Lifestyle center in Florida, US

CityPlace (formerly known as Rosemary Square and The Square) is an upscale lifestyle center in downtown West Palm Beach, Florida, along South Rosemary Avenue. Considered a New Urbanist mixed-use development, CityPlace is architecturally composed of Mediterranean and Venetian elements. The 600,000 sqft-center constitutes several city blocks and contains more than 60 restaurants and stores, as well as rental apartments, condos, and offices.

Opening in October 2000, the property is primarily credited for the urban renaissance of West Palm Beach, which had previously been notorious for crime, poverty, and vacant and dilapidated businesses and houses.

LA Fitness and Publix are the center's anchors. The third anchor was Macy's, which closed in 2017. Two movie theaters, AMC Parisian 20 and IMAX, were also on the property, though they have both since closed. Hotspots include Cheesecake Factory, Sloan's Ice Cream, and Starbucks. Apart from shopping, dining, and cinema, the center is now at the forefront of West Palm Beach's entertainment complementing establishments located on nearby Clematis Street.

The Raymond F. Kravis Center for the Performing Arts and Alexander W. Dreyfoos, Jr. School of the Arts are located within walking distance to CityPlace, as is the Palm Beach County Convention Center. An early-century trolleybus circles downtown between CityPlace and Clematis.

==History==
===Prior to completion===
By the 1980s, downtown West Palm Beach had acquired a reputation for crime, poverty, and vacant and dilapidated businesses and houses. United States senator Lawton Chiles referred to the area as a "war zone", while local politicians were not optimistic about the future of downtown. West Palm Beach had the highest crime rate for a city of its size in the late 1980s. Crack USA: County Under Siege, a 1989 documentary film about the crack epidemic, was filmed in West Palm Beach.

In 1986, private investors David C. Paladino and Henry J. Rolfs presented a 20-year, $433 million project to revitalize the western side of downtown, in the vicinity of where CityPlace is presently located. The proposal, known as Uptown/Downtown, included plans for 3700000 sqft of office space, 190,000 sqft of retail space, 800 hotel rooms, and 700 residential units. Paladino and Rolfs purchased and razed properties across 77 acres of land - more than 300 properties - adjacent to Okeechobee Boulevard for about $40 million, with the exception of the historic First United Methodist Church (built in 1926), which later became the Harriet Himmel Theater. The duo donated 5 acres of land for development of the Kravis Center for the Performing Arts, which opened in 1992.

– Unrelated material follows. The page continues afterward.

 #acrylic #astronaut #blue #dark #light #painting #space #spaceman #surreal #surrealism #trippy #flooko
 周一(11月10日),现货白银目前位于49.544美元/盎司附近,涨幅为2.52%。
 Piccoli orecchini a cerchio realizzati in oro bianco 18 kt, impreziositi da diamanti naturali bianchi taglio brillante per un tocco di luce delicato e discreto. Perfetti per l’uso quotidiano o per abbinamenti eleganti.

However, by the early 1990s, the project was discontinued after Rolfs exhausted his personal fortune and due to defaulted loans, foreclosures, lawsuits, and a recession. Then-Mayor of West Palm Beach Nancy M. Graham and the city acquired the land in 1995 using a multimillion-dollar loan and eminent domain. On August 1, 1996, three proposals for developing the former Uptown/Downtown project area were presented to the city of West Palm Beach - CityPlace, KravisPlace, and Millennium. Each proposal called for keeping the historical church and constructing hundreds of thousands of square feet for stores, hundreds or tens of thousands of square feet for a movie theater, tens of thousands of square feet for restaurants, hundreds of thousands of square feet for office space, and thousands of hotel rooms and apartment units. The teams planning the proposals were scheduled to present further details in early October. However, on September 30, the team bidding for Millennium withdrew.

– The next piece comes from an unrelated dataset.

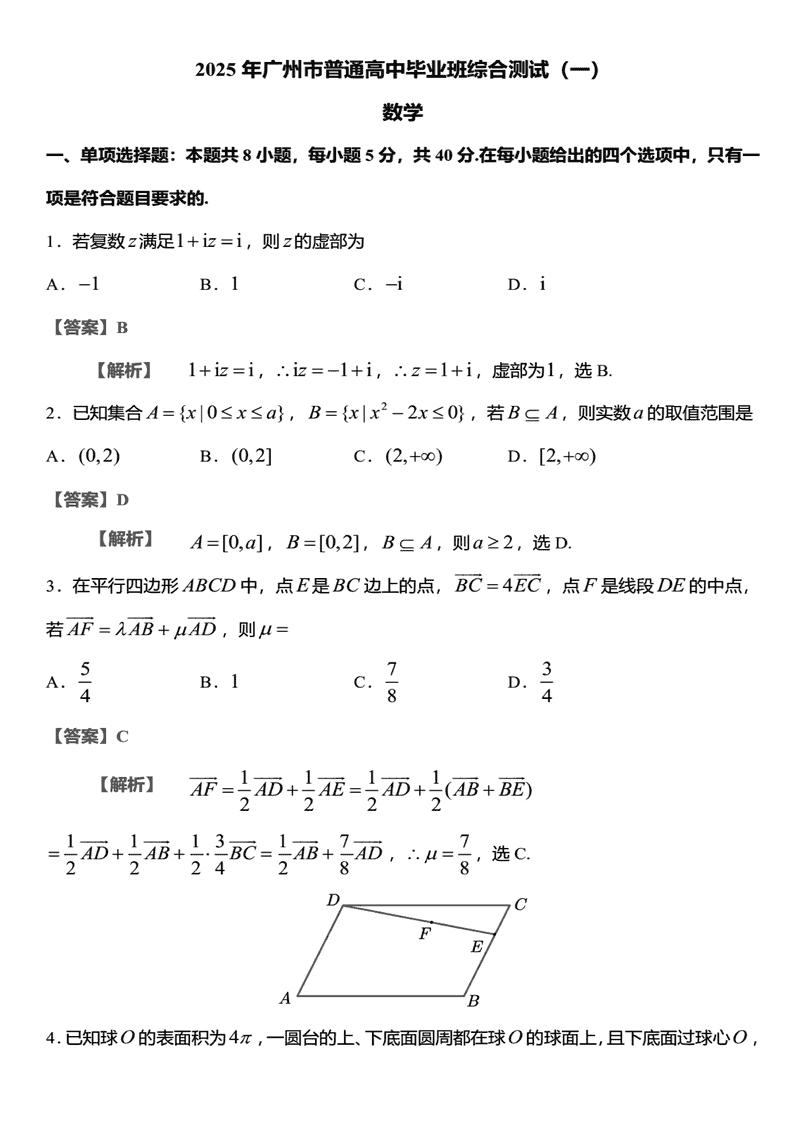 2025年广州市普通高中毕业班综合测试(一)数学试题及答案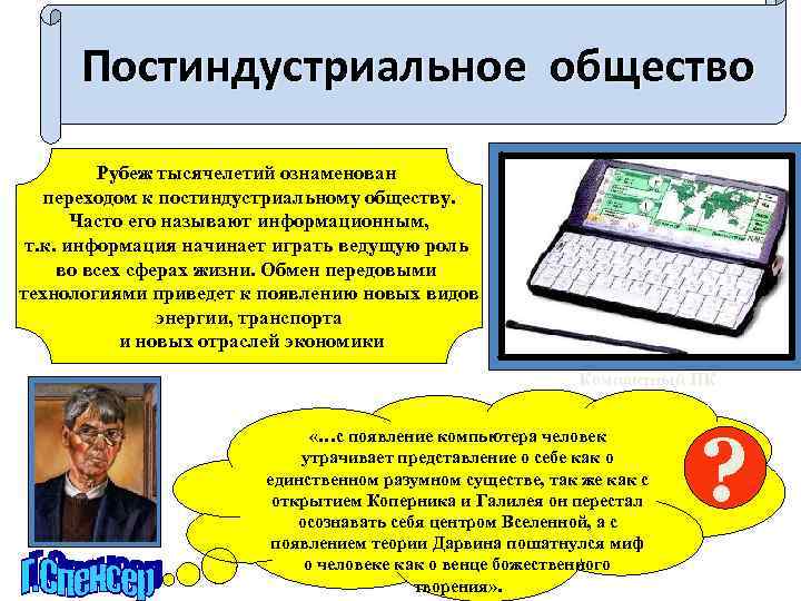 Постиндустриальное общество Рубеж тысячелетий ознаменован переходом к постиндустриальному обществу. Часто его называют информационным, т. к. информация начинает играть ведущую роль во всех сферах жизни. Обмен передовыми технологиями приведет к появлению новых видов энергии, транспорта и новых отраслей экономики Компактный ПК «…с появление компьютера человек утрачивает представление о себе как о единственном разумном существе, так же как с открытием Коперника и Галилея он перестал осознавать себя центром Вселенной, а с появлением теории Дарвина пошатнулся миф о человеке как о венце божественного творения» . ?

The city commission made their final decision regarding future use of the site of the formerly proposed Downtown/Uptown project in October 1996. Commissioners voted 5-1 to approve the $375 million project called CityPlace, proposed by Himmel & Co., the Related Cos., the O'Connor Group, and the Related Group. Their plan included an 18 to 24 screen movie theater and a number of restaurants, upscale stores, apartments, and office buildings. Overall, about 2000000 sqft of land development was approved. In return, the city agreed to invest $75 million for the construction of streets, parking garages, and plazas, with $20 million already borrowed for purchasing land.

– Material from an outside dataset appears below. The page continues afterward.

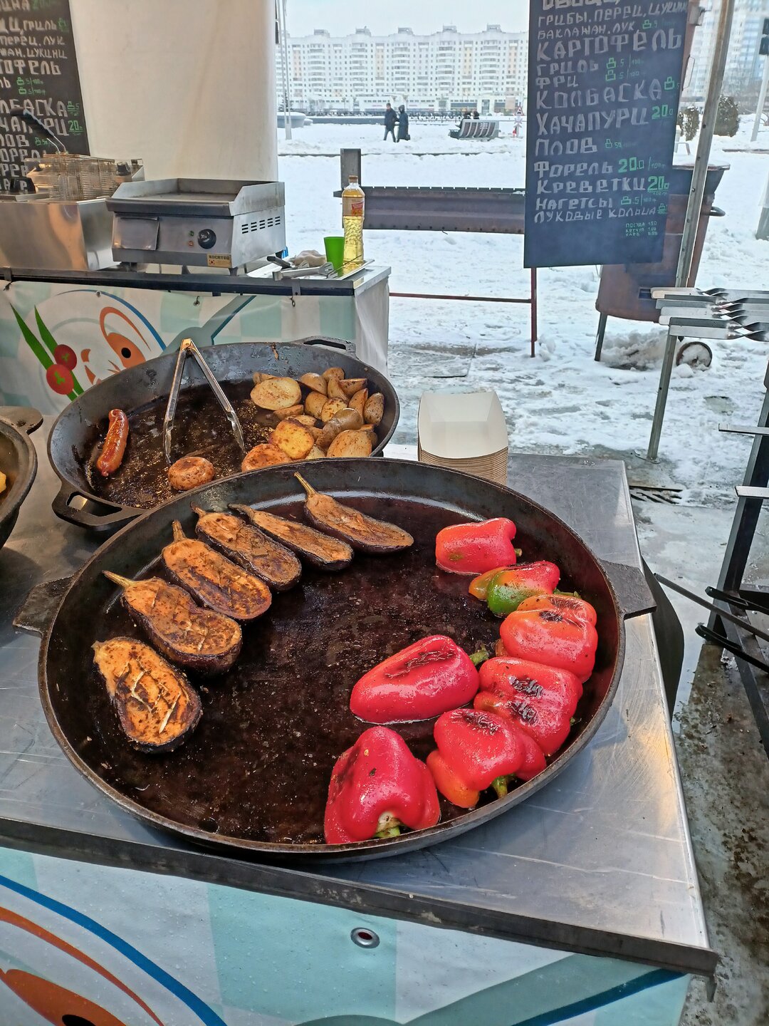 Москву заметает. Но нас с Бароном приютил хлебосольный павильон Армения. Тут даже метро занесло, а я сетую на свои карманы, полные снега) Щ

Construction began on May 1, 1998, during a gala featuring speakers including the project leaders, Mayor Nancy Graham, and Congressmen Mark Foley and Clay Shaw. Initial rates for tenants ranged from $40-$45 per square foot, a smaller amount than at malls and places such as Worth Avenue, but higher than rates for space on nearby Clematis Street. The project was expected to be completed by November 1999, though CityPlace would actually open in October 2000.

===Since completion===
CityPlace opened to the public on October 27, 2000, with 31 stores and 1 restaurant opening during the first weekend. Many other stores and restaurants were expected to open by mid-December, bringing the total number of stores and restaurants to about 70. The original anchors for CityPlace were Barnes & Noble, Macy's, Muvico Parisian 20 and IMAX theater. Wild Oats Markets was also planned as an original anchor. However, financial problems halted construction in 2000. CityPlace filed suit to terminate their lease, with both parties settling a few weeks later. On August 20, 2001, Wild Oats Markets was replaced by Publix as an anchor, which opened in January 2002.

Early on, CityPlace sought to attract many high-end stores as tenants, though emphasis shifted to home furnishings during the housing bubble. By the Great Recession, the focus turned heavily toward dining and entertainment establishments becoming tenants.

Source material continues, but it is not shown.